The summit, reuniting leaders including U.S. President Barack Obama and Canadian Prime Minister Stephen Harper will be joined by business tycoons and political activists.

The promised new funds raise to $26-billion. Yet, in spite of all the promises that have been made, much more will be needed this time, as critics say.

A new report that came from Oxfam, an international development agency, states that “Unless an urgent rescue package is developed to accelerate fulfillment of all the [Millennium Development Goals], we are likely to witness the greatest collective failure in history.”

With the world facing the worst global financial crisis, some of the goals that have been established ten years ago seem to be quite far from being reached, having been pushed “desperately off course,” as the report of Oxfam also mentions.

As a result of the global economic slowdown last year 64 million people have fallen into extreme poverty.

The situation proves to be more than desperate in some of its aspects, as the number of people living in hunger has reached the quite disastrous number of more than a billion.

Even though there has been a slight progress in the previous years, the number of people facing extreme poverty has increased in the past three years.

Having set quite bold targets, the Millennium Development Goals has proven to be quite impossible to be realized by the year 2015, as established.

Among the goals targeted at that time, meaning 10 years ago, we can mention the rate of extreme poverty and hunger which was to be cut in half by 2015, child mortality to be reduced by two-thirds, the rate of mortality to be reduced by three-quarters, the prevalence of malaria and AIDS to be reduced and primary school education to be made universal.

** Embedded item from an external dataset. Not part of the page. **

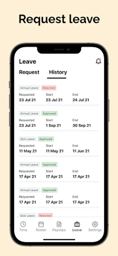 Request leave: You can send in a request for leave through the app which your employer can then accept or reject using their own Payroller account. You'll be able to request time off as part of your sick leave and annual leave.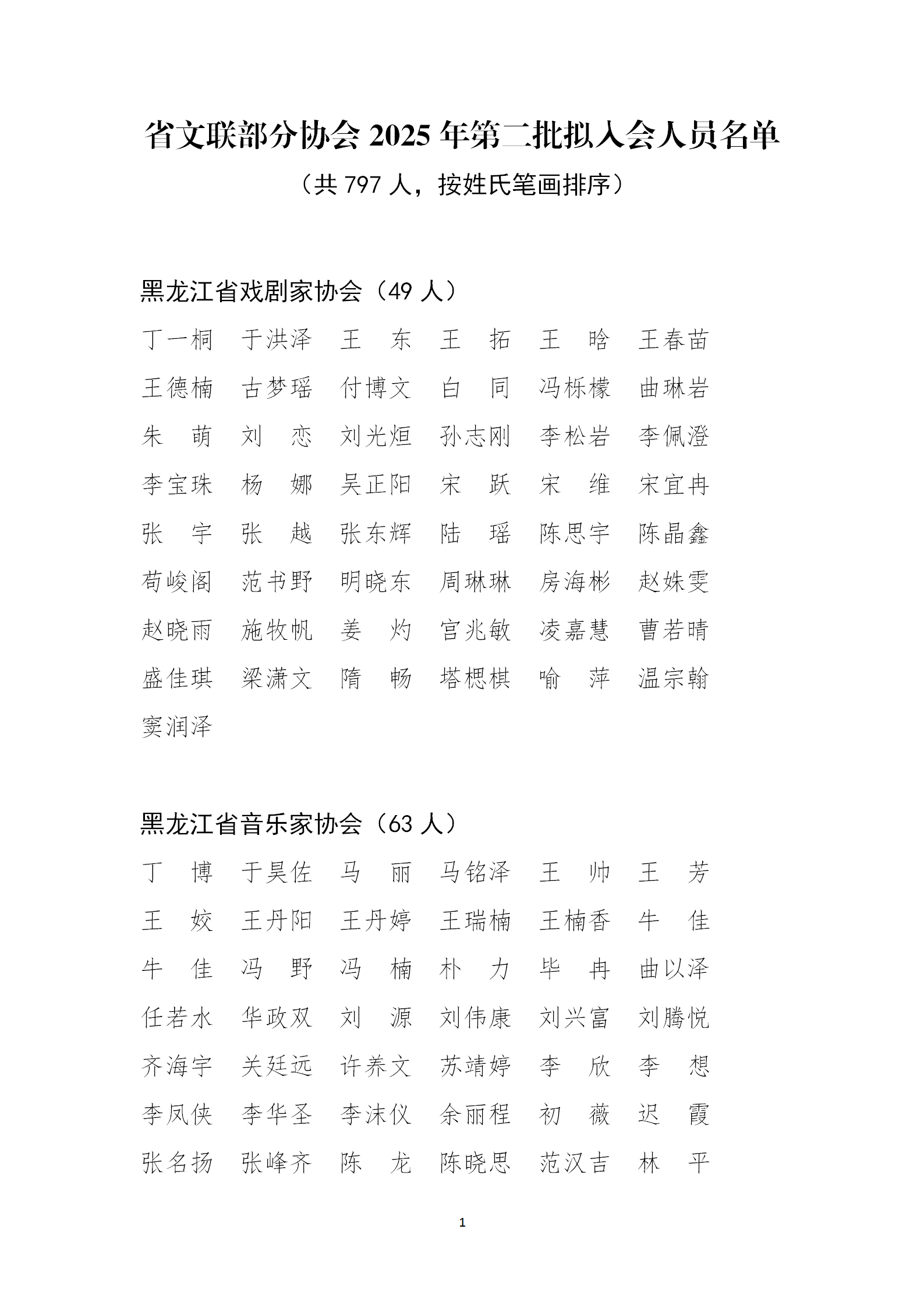 2025年下半年黑龙江省戏剧家协会、音乐家协会、舞蹈家协会、美术家协会、摄影家协会、书法家协会、曲艺家协会、民间文艺家协会、文艺评论家协会入会申报审批工作已经结束。根据相关协会章程及个人会员入会细则有关规定,经相关会议研究、按流程严格审核,共确定797名申报者为2025年第二批拟入会人员,现进行公示,名单如下。

The flow of aid to Africa and other poor regions has been lately slowed down by the global economical background.

Due to the global situation, it has been almost impossible for some of the donor countries to respect the promises that had been made in 2005, and this resulted in a cutting of the aid they should have offered to poor countries. Therefore foreign aid to Africa is 40 per cent lower than the amount promised by donor countries in 2005.

According to a draft of a 31-page document that will be adopted at the summit in New York next week and over which diplomats have given their agreement,  despite the delays caused by the crisis, the millennium goals can still be met if there is “renewed commitment” and “intensified collective action” by all of the UN member states.

Yet, some anti-poverty activists think that this summit should rather turn into an “emergency summit”, trying to bring more realistic goals.

Despite the fact that China and India have registered a significant boost in economy, prosperity has reached little of Africa, where 38 percent of the population is likely to live below the poverty line in 2015.

For the poor, the global financial and economic crisis, reached a worrying level, being felt in a much more intense manner. The soaring prices for food and fuel and job losses have caused despair for many people, most of them living in African countries.

Without a job to support their families, workers from abroad returned to their homelands and the situation becomes more and more desperate as they see that they cannot find any solution for their situation to be improved in some way.

Goals that have been targeted 10 years ago, such goals as those of reducing hunger and malnutrition, improving gender equality, access to health care and education, tackling climate change and helping mothers and their newborns, have registered far less progress than expected.

The world crisis seems to have worsened the situation since the IMF and World Bank have estimated that 71 million more people will be pushed into poverty by 2020.

Therefore the perspectives appear to be quite gloomy. Whether solutions in order to do something for the situation to be improved can be found, we shall see.

Other events are as well planned to take place during the General Assembly session. These events include a meeting of six big-power foreign ministers on Iran’s nuclear program, as well as high-level talks on Pakistan, Myanmar, Somalia and Yemen, and a meeting to break a 12-year-old impasse in disarmament talks.

The solution proposed by Hugh Bredenkamp, deputy director of the strategy, policy and review department at the International Monetary Fund, was that of adopting policies that boost growth. These policies can be adopted by both rich and poorer nations.

Ethiopia, Cameroon, Ghana and Senegal were a few examples of where there had been successes. Yet many more countries witness now the worse economic situation ever.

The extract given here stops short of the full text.